In a departure from recent tradition, the URA yesterday advised potential home buyers that they should take into account that there is ’sufficient pipeline supply of private housing, as well as the potential supply from Government Land Sales sites, when deciding to make a property purchase’. The URA reminded people that the Government will ensure there are sufficient homes to meet demand, saying that it will continue to monitor the market closely.

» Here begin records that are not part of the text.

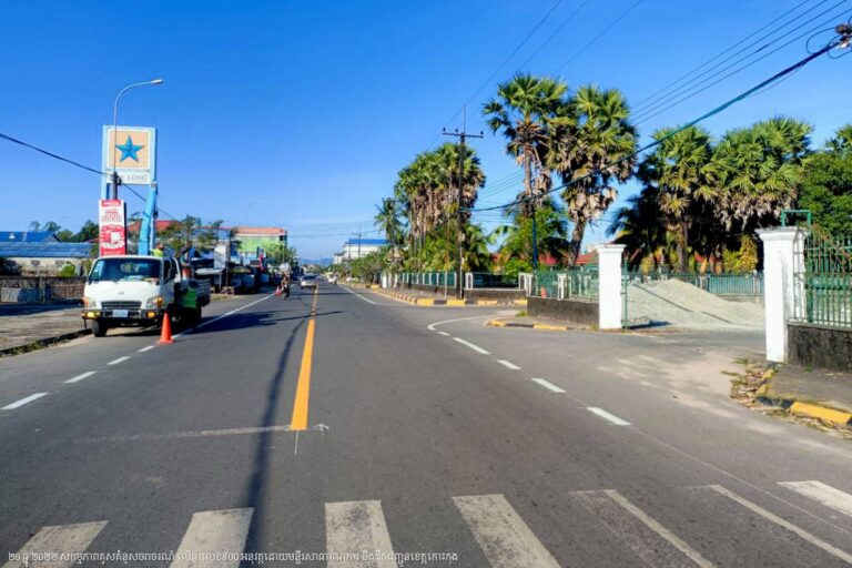 មន្ទីរសាធារណការ និងដឹកជញ្ជូនខេត្តកោះកុង បន្តការងារគូសគំនូសសញ្ញាចរាចរណ៍លើផ្លូវលេខ៩០០ ក្នុងក្រុងខេមរភូមិន្ទ
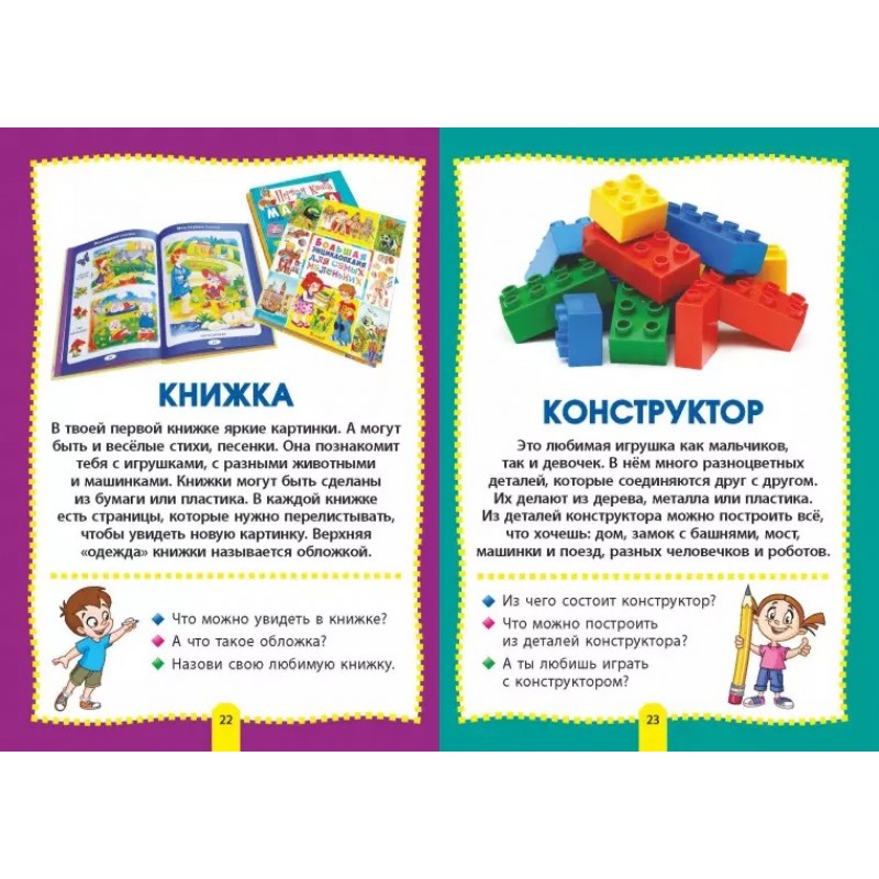 "Уважаемые родители! Предлагаем вам развивающую серию для вашего ребёнка, которая познакомит малыша с окружающим миром, а яркие фотографии и реалистичные картинки помогут ему в этом. Кроме того, в игровой форме "вопрос-ответ" вы сможете закрепить у ребёнка полученные знания. В книге "Первые слова" дети смогут познакомиться со значением многих предметов, окружающих их дома и на улице, одежды и игрушек, произнося их названия как первые слова, например, что такое стул или качели, шапка или сапоги, бутылочка или вилка, паровозик или кукла."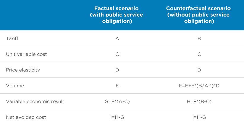 For example, Table 1 below broadly illustrates the EC’s approach to calculating the net avoided cost of Poste Italiane S.P.A.’s (PI) obligation to offer reduced tariffs to publishers and not-for-profit organisations, when Italian authorities notified the EC of the compensation for this service in 2019.[28] In particular, the EC considered that (i) in the counterfactual PI would have set tariffs to publishers and not-for-profit organisations at the higher, capped Universal Service Obligation (USO) price; and (ii) it was possible to estimate the price elasticity of demand based on a 5-month period in 2010 when PI applied the USO price to its press distribution mission. Based on these, the EC compared variable profits in the factual and counterfactual scenarios to calculate net avoided cost.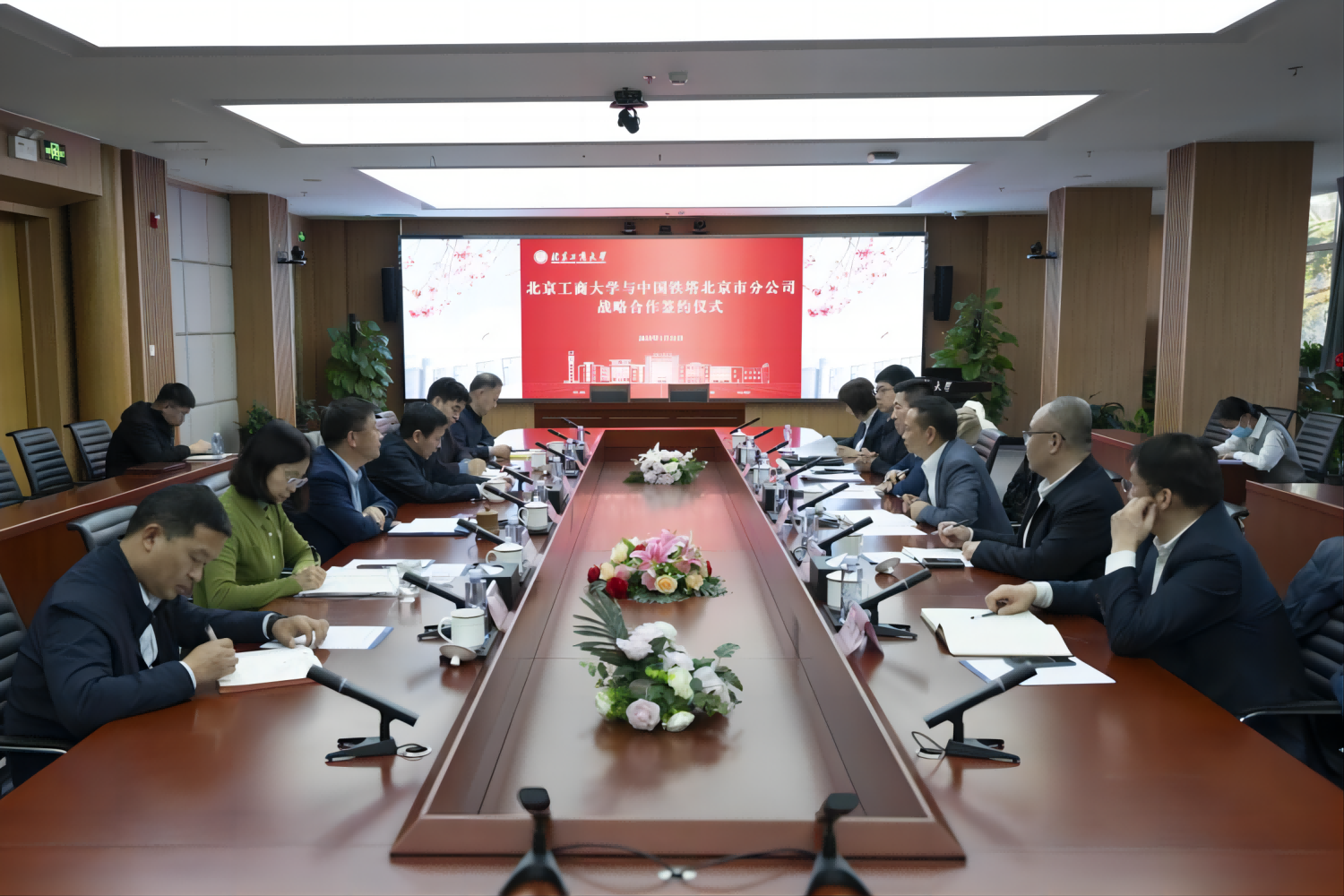 铁塔北京市分公司行业拓展部、能源经营部、综合部、通信发展部,学校党政办公室、国内交流与合作处、公共事务处、保卫处、校园建设处等部门主要负责人陪同参观并参加签约仪式。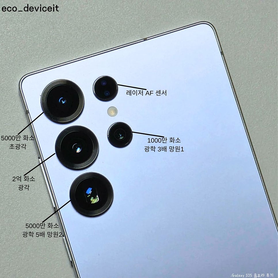 갤럭시 S25 울트라는 좌측 상단부터 시계 방향으로 5000만 화소 초광각, 레이저 AF 센서, 1000만 화소 광학 3배 망원1, 5000만 화소 광학 5배 그리고 2억 화소의 광각 카메라 조합입니다.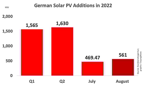 New solar PV additions in the month of August 2022 in Germany were a total of 561.35 MW taking the country's installed PV capacity between January 2022 and August 2022 to 4.22 GW, according to Bundesnetzagentur or the Federal Network Agency. That leaves 2.78 GW to go for the last 4 months of the year to reach the government's 7 GW installation target for 2022.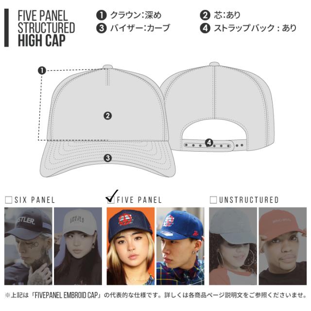 型番は、フェイスに縮み・型崩れ防止の芯があり、頭を覆うクラウンを5枚のパネルで構成した「FIVE PANEL STRUCTURED HIGH CAP/ファイブパネル ストラクチャード ハイキャップ」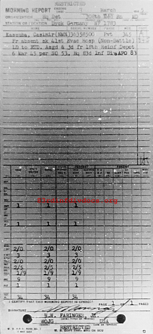 Morning report HQDET/308M for March 7, 1945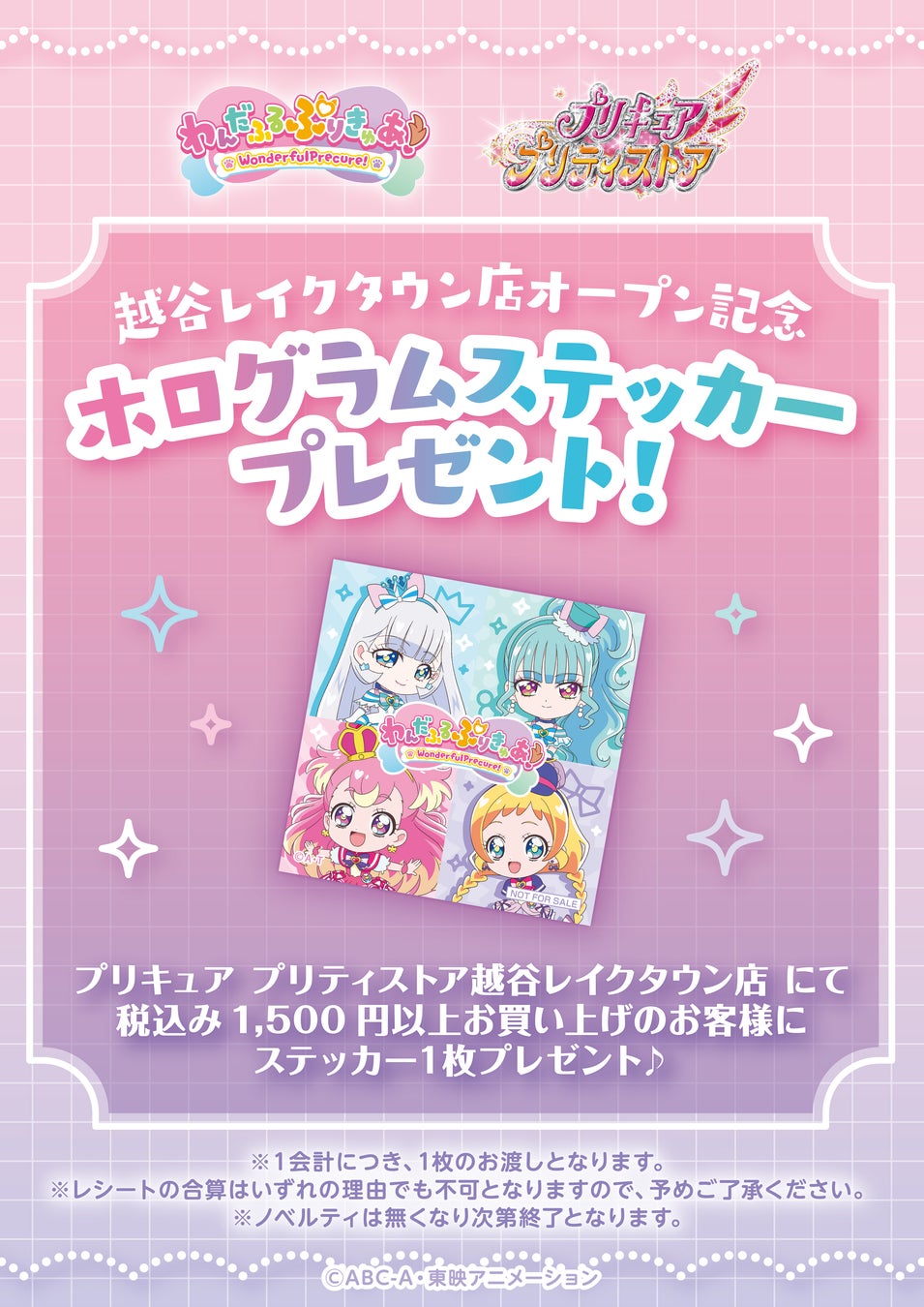 2023 年 2 月より、プリキュア 20 周年記念店舗として期間限定で営業していましたが、大好評につき、常設店舗としてリニューアルオープンすることとなりました。現在、東京・大阪・横浜の 3 店舗で常設店として営業しており、『プリキュアプリティストア越谷レイクタウン店』で4 店舗目となります。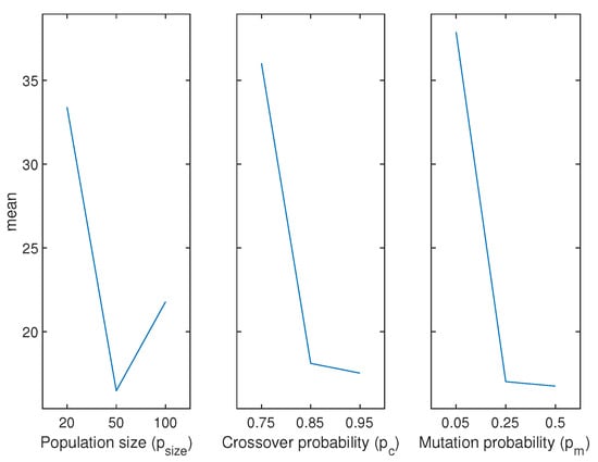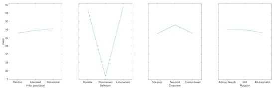 In particular, apart from the maximum number of iterations () that we have set equal to 1000 as in [7], our heuristic is defined in a function of three numerical input parameters (, , ) and four categorical parameters (the inner procedures Initial population, Selection, Crossover and Mutation), the latter to be chosen among the different strategies proposed in the previous section and summarized in Table 2. On the possible values of the numerical parameters, our proposal is reported in Table 3 (three different values for each parameter), resulting in a total of seven parameters and combinations for the overall setting of the algorithm. Due to the huge number of these combinations, the parameters’ setting was simplified by adopting the strategy described in the next subsection.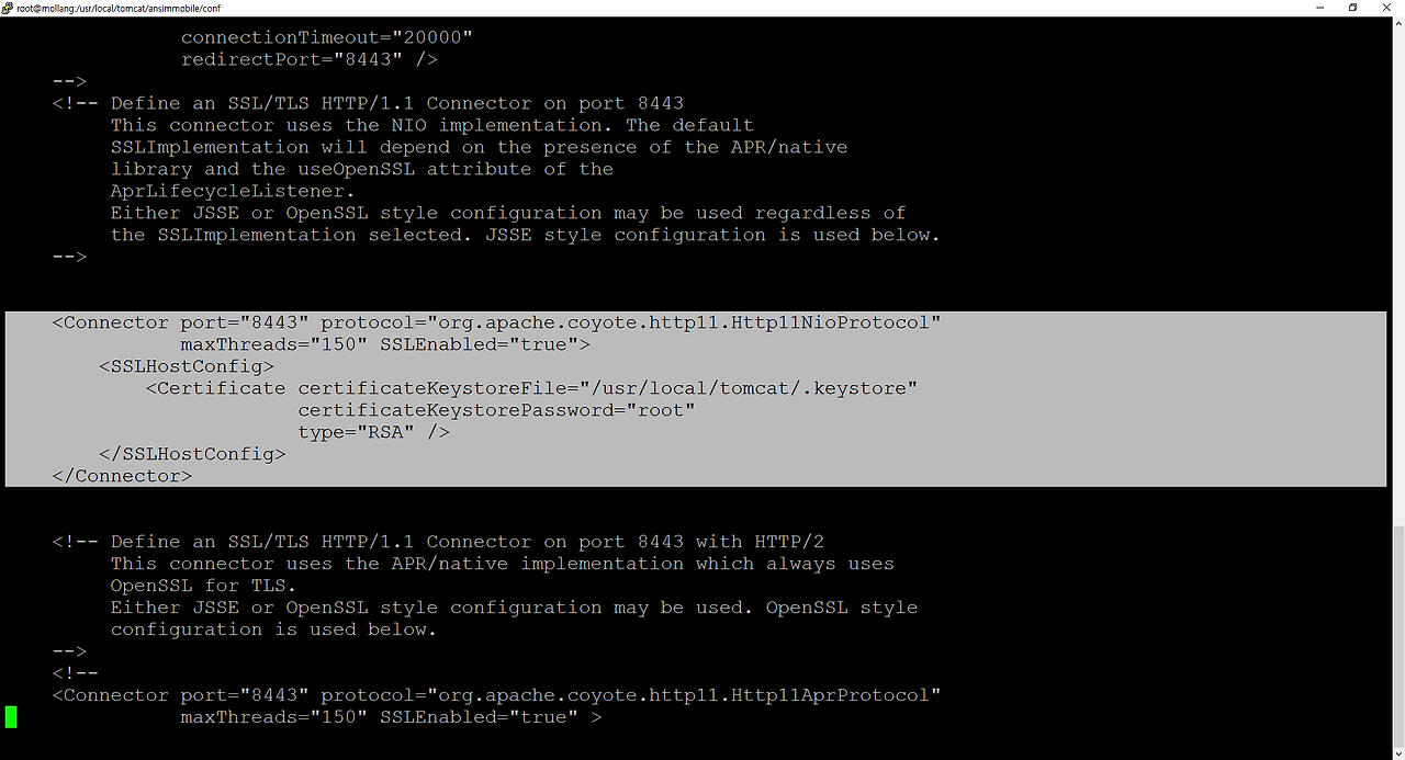 tomcat의 server.xml에 주석처리된 Connector을 풀거나 만든다.

DTZ Debenham Tie Leung executive director Ong Choon Fah said: ‘There has been a sense of urgency for some people to buy a home when they see the market going up. Obviously the Government is a little bit concerned, but this market is driven by fear and greed. Fear of missing the boat, and greed to make more. These are very emotional things, so people may not act rationally.’

Another property consultancy, CB Richard Ellis, noted that the URA’s overall price index for private homes has increased 13.1 per cent in the first six months of this year. It predicts a full-year gain of 20 to 25 per cent for the whole of this year. ERA Singapore similarly forecasts an increase of 20 per cent or more for 2007. For the HDB resale flat price index, ERA predicts an increase for the whole year of about 8 to 10 per cent. PropNex also reckons the gain will be about 10 per cent.

Market watchers see yesterday’s data as evidence that the recovery in the high-end residential sector is at last filtering through to other parts of the market. Knight Frank managing director Tan Tiong Cheng says the key driver of this trend is the growing number of owners of prime district homes who went through en bloc sales and are priced out of the most expensive districts. ‘They are instead forced to find replacement homes outside these locations, starting with city-fringe locations and even spreading to the suburbs,’ Mr Tan said.

In some cases, especially en bloc sales of privatised HUDC estates, the replacement homes may even be HDB resale flats in Queenstown, Bukit Merah and other areas, Mr Tan reckons. ERA Singapore assistant vice-president Eugene Lim reckons that fear among home buyers that they may miss the boat and lose out on good property buys is also fuelling the current buying frenzy.
‘Everyone seems to want a piece of the action. Those who can’t afford the high prices in prime locations are moving outwards,’ Mr Lim added.

PropNex CEO Mohamed Ismail reckons the increases in the price indices for the Rest of Central Region and Outside Central Region are due to many buyers previously sitting on the fence deciding to buy out of fear that prices may escalate further. CBRE executive director Li Hiaw Ho highlighted projects in several locations that saw new price levels being achieved in Q2, including Kallang (The Riverine By The Park, $1,400-1,500 psf), Novena (Novelis@Novena, $1,400 psf) and suburban areas (Botannia in the West Coast area, Casa Merah near Tanah Merah MRT Station, Northwood in Sembawang, and Parc Mondrian at Woodleigh Close, in the $600 to $720 psf range).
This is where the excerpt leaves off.